The basic structure is:
* Each type of server object which can be waited on by the client (including events, semaphores, mutexes, but also other types such as processes, files) must store an "inproc_sync" object.
This "inproc_sync" object is a full server object (note that this differs from esync/fsync). A vector and server request is introduced to retrieve an NT handle to this object from an arbitrary NT handle.
Since the actual ntsync objects are simply distinct file descriptions, we then call get_handle_fd from the client to retrieve an fd to the object, and then perform ioctls on it.
* Objects signaled by the server (processes, files, etc) perform ntsync ioctls on that object. The backing object in all such cases is simply an event.
* Signal and wait operations on the client side attempt to defer to an "inproc_*" function, falling back to the server implementation if it returns STATUS_NOT_IMPLEMENTED. This mirrors how in-process synchronization objects (critical sections, SRW locks, etc) used to be implemented—attempting to use an architecture-specific "fast_*" function and falling back if it returned STATUS_NOT_IMPLEMENTED.
* The inproc_sync handles, once retrieved, are cached per-process. This caching takes a similar form to the fd cache. It does not reuse the same infrastructure, however.
The primary reason for this is that the fd cache is designed to fit within a 64-bit value and uses 64-bit atomic operations to ensure consistency. However, we need to store more than 64 bits of information. [We also need to modify them after caching, in order to correctly implement handle closing—see below.]
The secondary reason is that retrieving the ntsync fd from the inproc_sync handle itself uses the fd cache.
* In order to keep the Linux driver simple, it does not implement access flags (EVENT_MODIFY_STATE etc.) Instead, the flags are cached locally and validated there. This too mirrors the fd cache. Note that this means that a malicious process can now modify objects it should not be able modify—which is less true than it is with wineserver—but this is no different from the way other objects (notably fds) are handled, and would require manual syscalls.
* In order to achieve correct behaviour related to closing objects while they are used, this patch set essentially relies on refcounting. This is broadly true of the server as well, but because we need to avoid server calls when performing object operations, significantly more care must be taken.

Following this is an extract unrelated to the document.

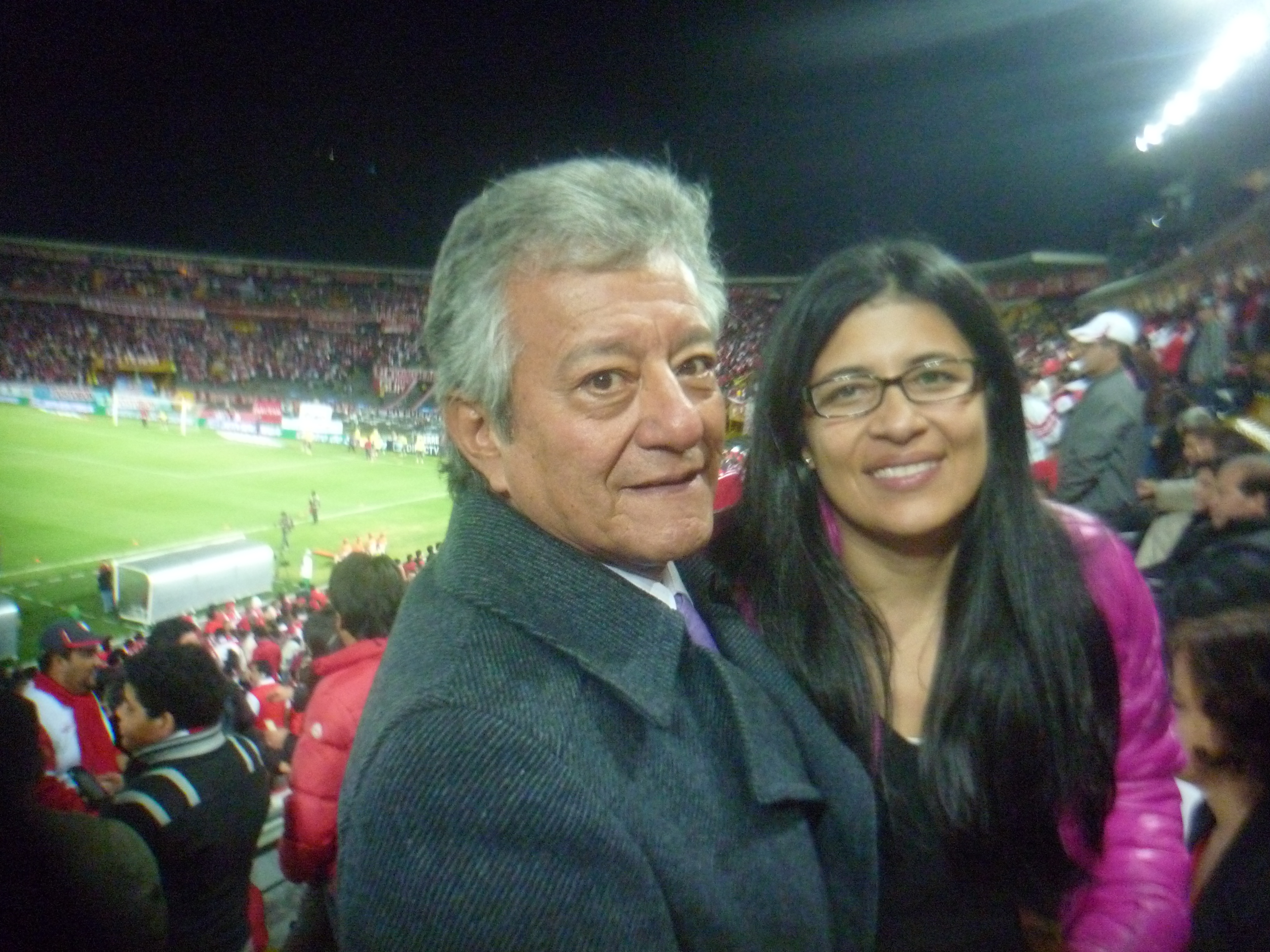 José Jairo Vásquez y su única hija disfrutando uno de los partidos de Santa Fe.

In particular, because waits need to be interruptable by signals and then be restarted, we need the backing ntsync object to remain valid until all users are done with it. On a process level, this is achieved by letting multiple processes own handles to the underlying inproc_sync server object.
On a thread level, multiple simultaneous calls need to refcount the process's local handle. This refcount is stored in the sync object cache. When it reaches zero, the cache is cleared.
Punting this behaviour to the Linux driver would have introduced a great deal more complexity, which is best kept in userspace and out of the kernel.
* The cache is, as such, treated as a cache. The penultimate commit, which introduces client support but does not yet cache the objects, effectively illustrates this by never actually caching anything, and retrieving a new NT handle and fd every time.
* Certain waits, on internal handles (such as async, startup_info, completion), are delegated to the server even when ntsync is used. Those server objects do not create an underlying ntsync object.